- TO DO -
The lines to output run from the first line of the entries below through the line containing "A timeless blouse"; copy them exactly and leave out pictures.
== RECORDS SHOWN
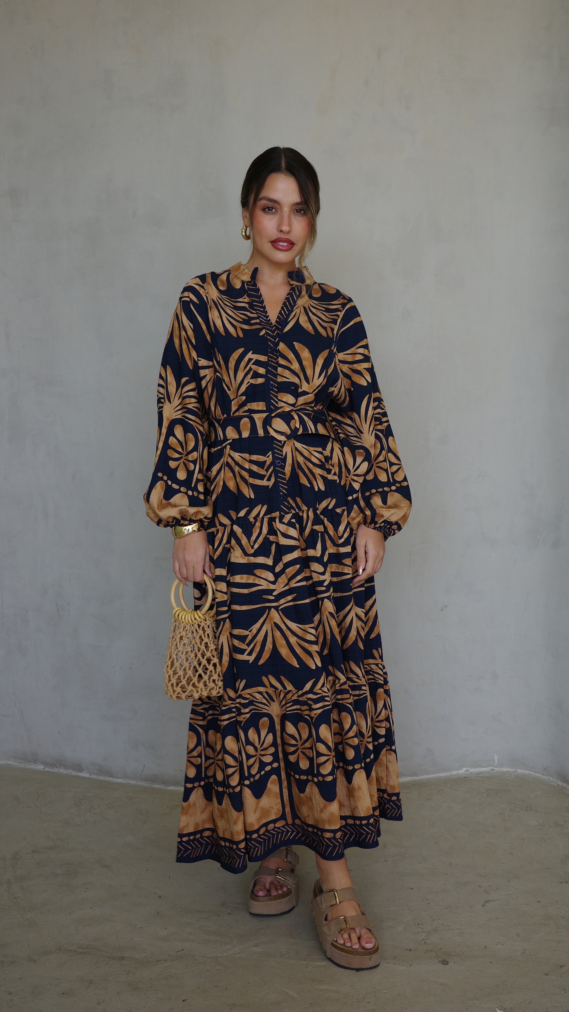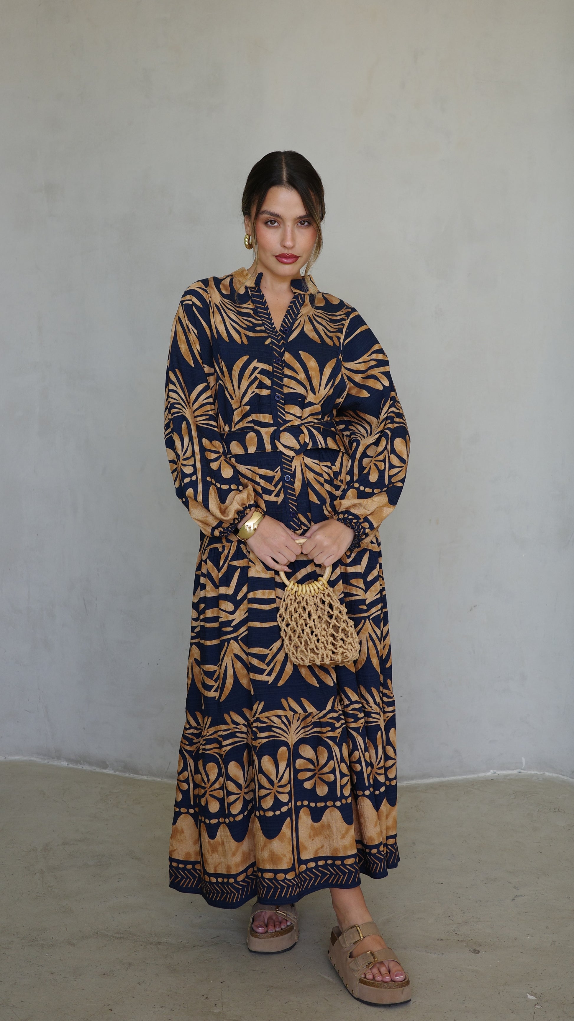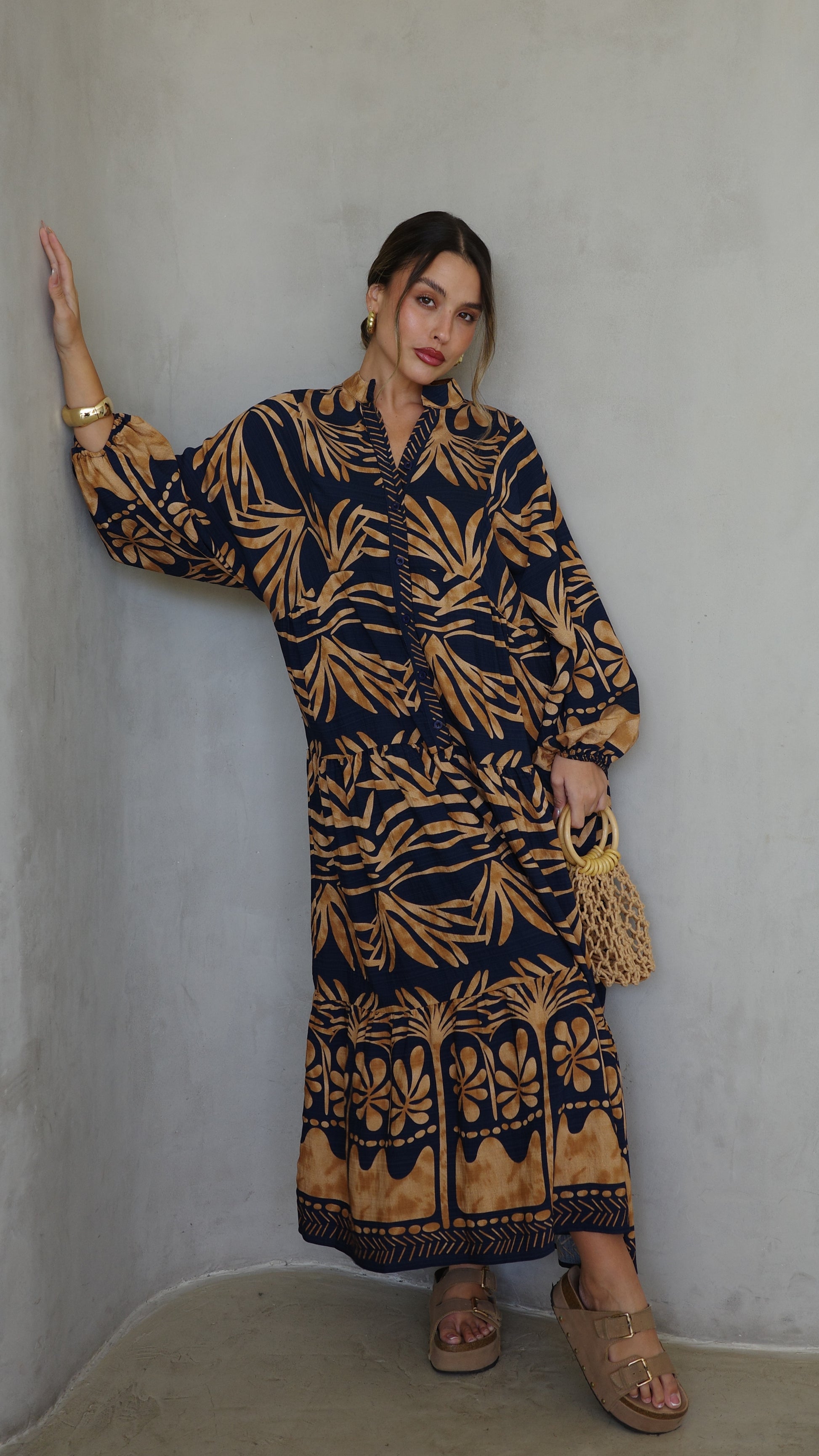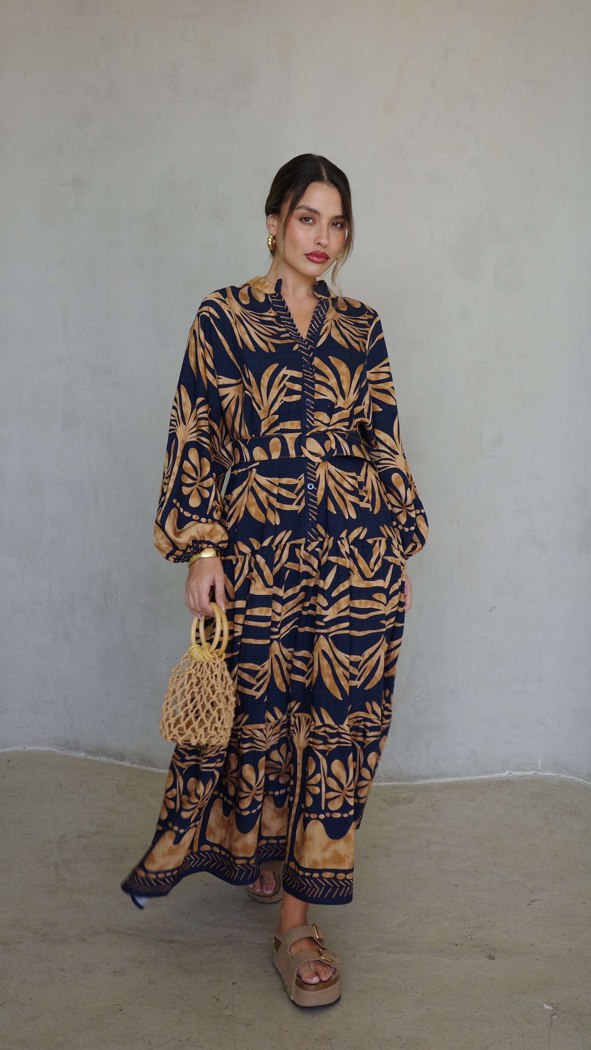 שמלת גלביה מבד ויסקוזה/כותנה איכותי ונעים, משולב דפוס אופנתי
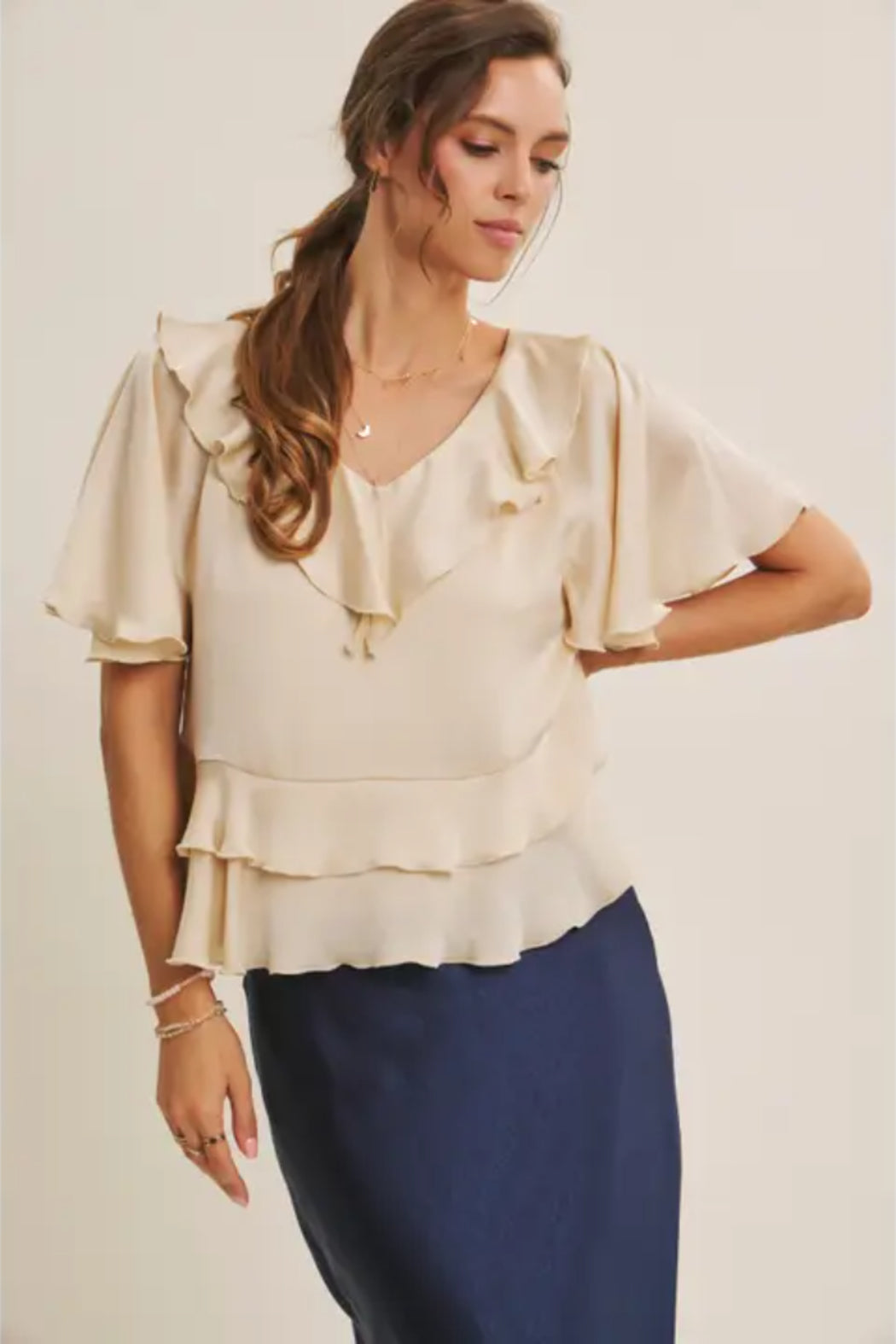 A timeless blouse that blends understated shine with everyday sophistication. Crafted from satin-like crinkled fabric, it offers a subtle, elegant sheen—never overly glossy—adding just the right amount of polish to your look. The V-neckline frames the face beautifully, while short ruffle sleeves bring a touch of femininity. Its loose fit drapes effortlessly, making it ideal for both formal occasions and classic workwear styling. Pair with tailored trousers for an office-ready ensemble, or tuck into a midi skirt for an elevated evening look. A versatile, seasonless piece that transitions seamlessly from day meetings to after-hours plans.
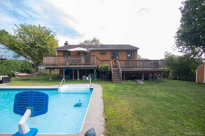 Welcome to this 4-bedroom, 2 bath bi-level home located on a quiet cul-de-sac! Boasting 2,000 sq. ft. of living space on 0.26 acres, this move-in-ready property offers comfort, style, and incredible updates throughout. The kitchen features custom cabinetry, granite countertops, built-in granite counter/table for additional seating, stainless steel appliances, and a pull-out pantry, perfect for cooking and entertaining. The main bath has a custom double-sink vanity, whirlpool tub, and laundry chute. Upstairs, enjoy a bright living room and dining area that flows seamlessly to the kitchen, while the lower level offers a spacious family room with a wood-burning fireplace, an additional den/office, a fourth bedroom, and a full recently updated tiled bath—ideal for guests or a potential in-law setup. This solidly built home showcases Anderson windows, hardy plank siding, and hardwood floors throughout. Modern amenities include a high efficiency gas boiler, brand new central air, central vac, security system, and a two-car garage. The fenced-in backyard is an entertainer’s dream with a double-deck (partial composite) that has scenic mountain views, and a 16x32 in-ground pool with heater and pool equipment included. Mature plantings for privacy. Scuttle attic located in primary bedroom closet and attic area with pull-down stairs located in the garage for extra storage space. Upgraded 200 amp electric (2020). Public water and sewer add convenience. This home offers the perfect blend of quality, comfort and charm in a sought-after location in the Washingtonville School District. Close to shopping, restaurants, highways, wineries, nature trails, and within walking distance to public park, etc. Come make this your home and explore what the beautiful Hudson Valley has to offer.
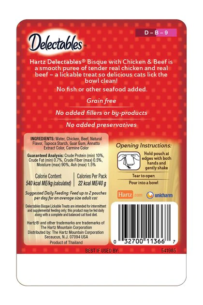 Help your mini mate make it through the day with Hartz Delectables Bisque Non-Seafood Chicken & Beef Lickable Wet Cat Treats. These unique, lickable liquid treats for cats are blended to create a delicious and delightful snack for your sidekick. They are made with a creamy, seafood-free recipe that combines tender, real chicken with rich, meaty beef and a savory broth. These liquid cat treats are paw-fect for senior kitties who have trouble chewing and can be used as a food topper for other cats too! They are packaged for your quick-serving convenience in handy, easy-to-open, single-serve pouches just for your precious pal.
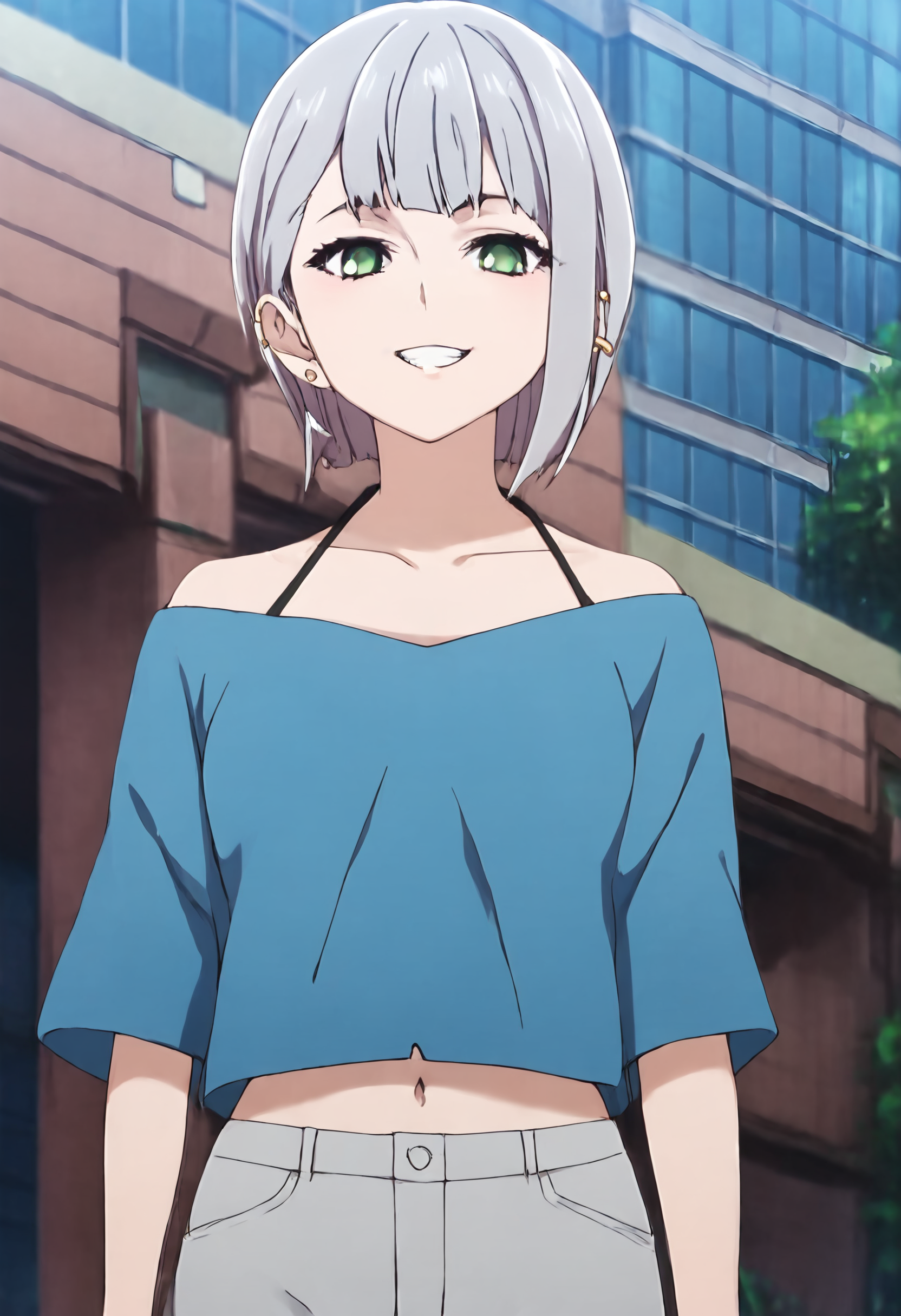 blue shirt, off-shoulder shirt, ear piercing, grey pants
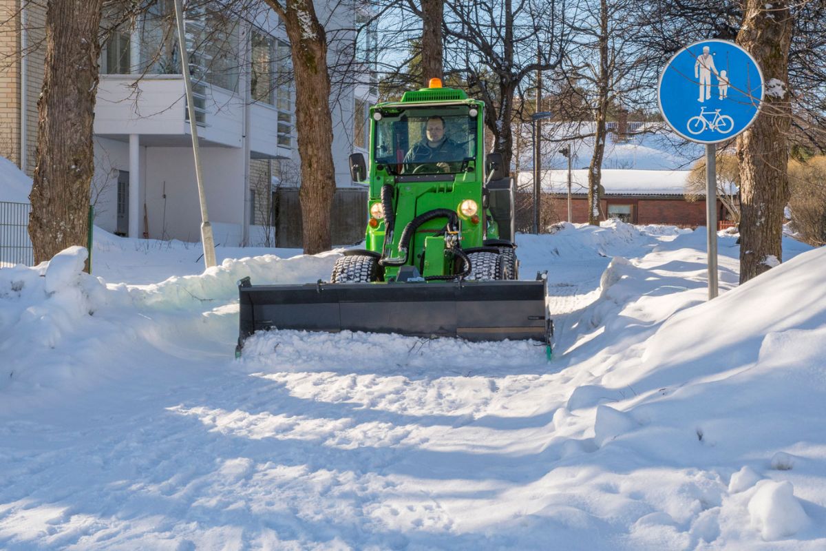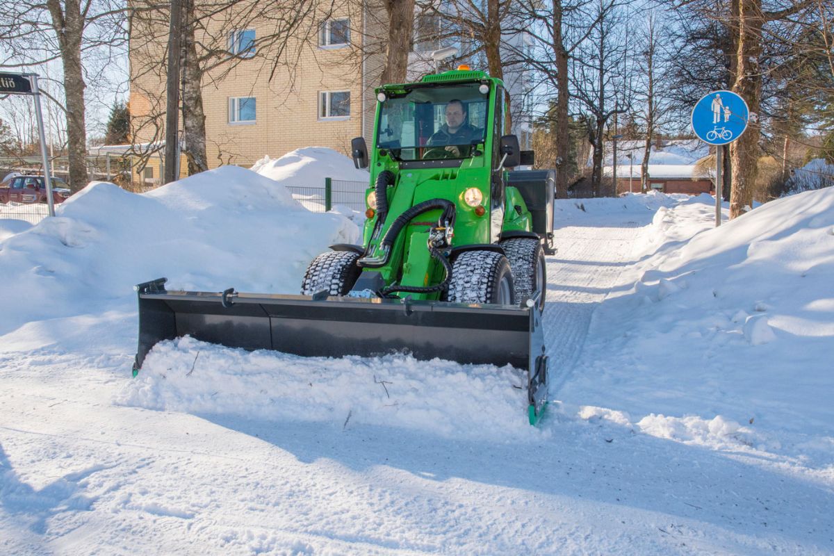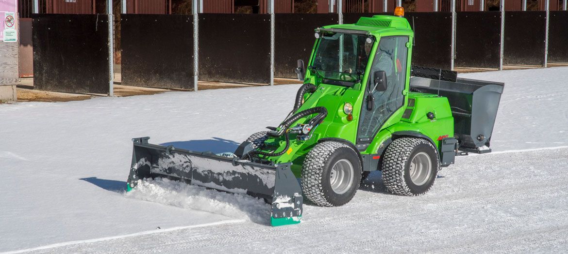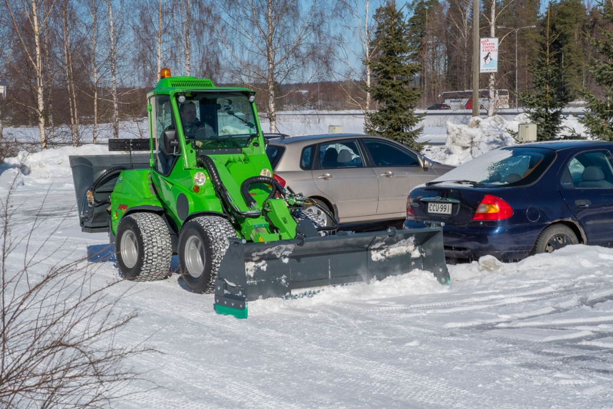This new type of snow plow is equipped with a straight main blade and two wings which can be extended and retracted steplessly, powered by two hydraulic cylinders. This gives several different working widths and makes the snowplow very versatile. The plow is also equipped with hinged endplates which can be turned down on the ground. This allows fast and efficient snow collecting. When the endplates are turned up over the blade the plow works as a conventional dozer blade and moves snow quickly to the side – and is narrower as well. The endplates are spring loaded which means they follow the contours of the ground well.
====
- TASK OUTPUT -
 שמלת גלביה מבד ויסקוזה/כותנה איכותי ונעים, משולב דפוס אופנתי
 A timeless blouse that blends understated shine with everyday sophistication. Crafted from satin-like crinkled fabric, it offers a subtle, elegant sheen—never overly glossy—adding just the right amount of polish to your look. The V-neckline frames the face beautifully, while short ruffle sleeves bring a touch of femininity. Its loose fit drapes effortlessly, making it ideal for both formal occasions and classic workwear styling. Pair with tailored trousers for an office-ready ensemble, or tuck into a midi skirt for an elevated evening look. A versatile, seasonless piece that transitions seamlessly from day meetings to after-hours plans.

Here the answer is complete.